- _Directions_
Transcribe the listing below exactly, from its first line through the line with "Mesele Şanlıurfa ve". Omit the pictures.

- _Dataset excerpt_

◇ ◇ ◇ ◇

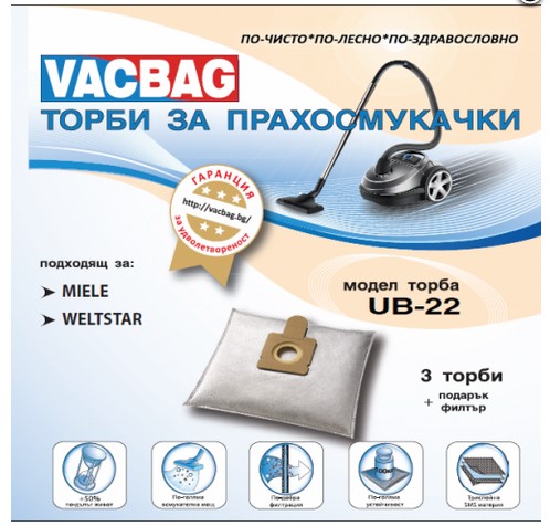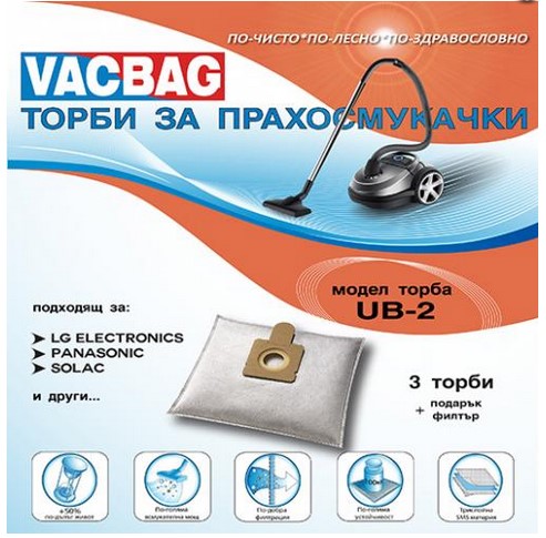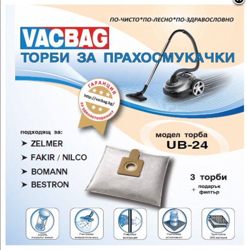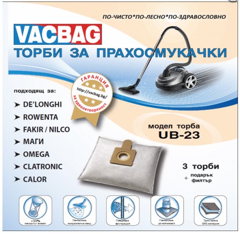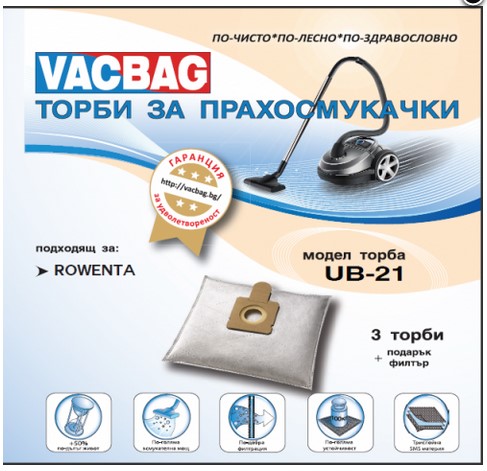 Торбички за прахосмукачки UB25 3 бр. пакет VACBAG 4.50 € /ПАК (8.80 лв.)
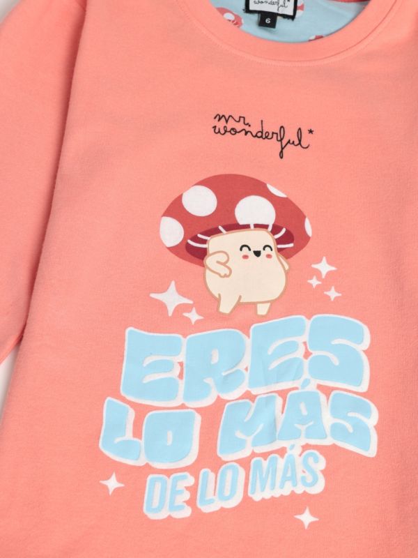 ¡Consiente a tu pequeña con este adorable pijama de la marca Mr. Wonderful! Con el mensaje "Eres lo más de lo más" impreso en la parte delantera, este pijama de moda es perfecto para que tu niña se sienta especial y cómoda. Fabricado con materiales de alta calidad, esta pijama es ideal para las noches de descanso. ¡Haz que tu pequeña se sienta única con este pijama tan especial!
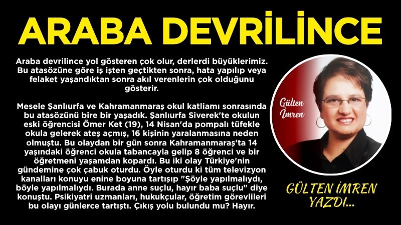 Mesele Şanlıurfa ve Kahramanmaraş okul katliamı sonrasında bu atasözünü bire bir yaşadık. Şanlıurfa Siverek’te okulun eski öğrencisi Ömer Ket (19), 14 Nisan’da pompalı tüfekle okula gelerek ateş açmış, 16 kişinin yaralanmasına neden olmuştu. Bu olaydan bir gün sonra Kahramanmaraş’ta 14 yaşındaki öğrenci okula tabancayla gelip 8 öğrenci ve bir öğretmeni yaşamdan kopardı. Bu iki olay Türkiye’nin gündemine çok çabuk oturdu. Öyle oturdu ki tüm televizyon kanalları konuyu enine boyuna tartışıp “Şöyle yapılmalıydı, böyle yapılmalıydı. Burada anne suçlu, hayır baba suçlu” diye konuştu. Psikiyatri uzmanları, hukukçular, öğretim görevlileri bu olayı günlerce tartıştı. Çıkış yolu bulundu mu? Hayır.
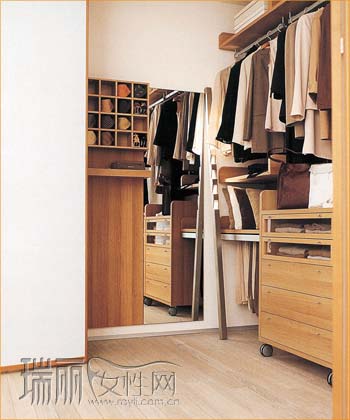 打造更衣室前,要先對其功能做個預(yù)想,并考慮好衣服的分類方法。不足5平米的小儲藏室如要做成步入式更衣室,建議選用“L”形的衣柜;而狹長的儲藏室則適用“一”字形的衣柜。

◇ ◇ ◇ ◇

- _Expected answer_
 Торбички за прахосмукачки UB25 3 бр. пакет VACBAG 4.50 € /ПАК (8.80 лв.)
 ¡Consiente a tu pequeña con este adorable pijama de la marca Mr. Wonderful! Con el mensaje "Eres lo más de lo más" impreso en la parte delantera, este pijama de moda es perfecto para que tu niña se sienta especial y cómoda. Fabricado con materiales de alta calidad, esta pijama es ideal para las noches de descanso. ¡Haz que tu pequeña se sienta única con este pijama tan especial!
 Mesele Şanlıurfa ve Kahramanmaraş okul katliamı sonrasında bu atasözünü bire bir yaşadık. Şanlıurfa Siverek’te okulun eski öğrencisi Ömer Ket (19), 14 Nisan’da pompalı tüfekle okula gelerek ateş açmış, 16 kişinin yaralanmasına neden olmuştu. Bu olaydan bir gün sonra Kahramanmaraş’ta 14 yaşındaki öğrenci okula tabancayla gelip 8 öğrenci ve bir öğretmeni yaşamdan kopardı. Bu iki olay Türkiye’nin gündemine çok çabuk oturdu. Öyle oturdu ki tüm televizyon kanalları konuyu enine boyuna tartışıp “Şöyle yapılmalıydı, böyle yapılmalıydı. Burada anne suçlu, hayır baba suçlu” diye konuştu. Psikiyatri uzmanları, hukukçular, öğretim görevlileri bu olayı günlerce tartıştı. Çıkış yolu bulundu mu? Hayır.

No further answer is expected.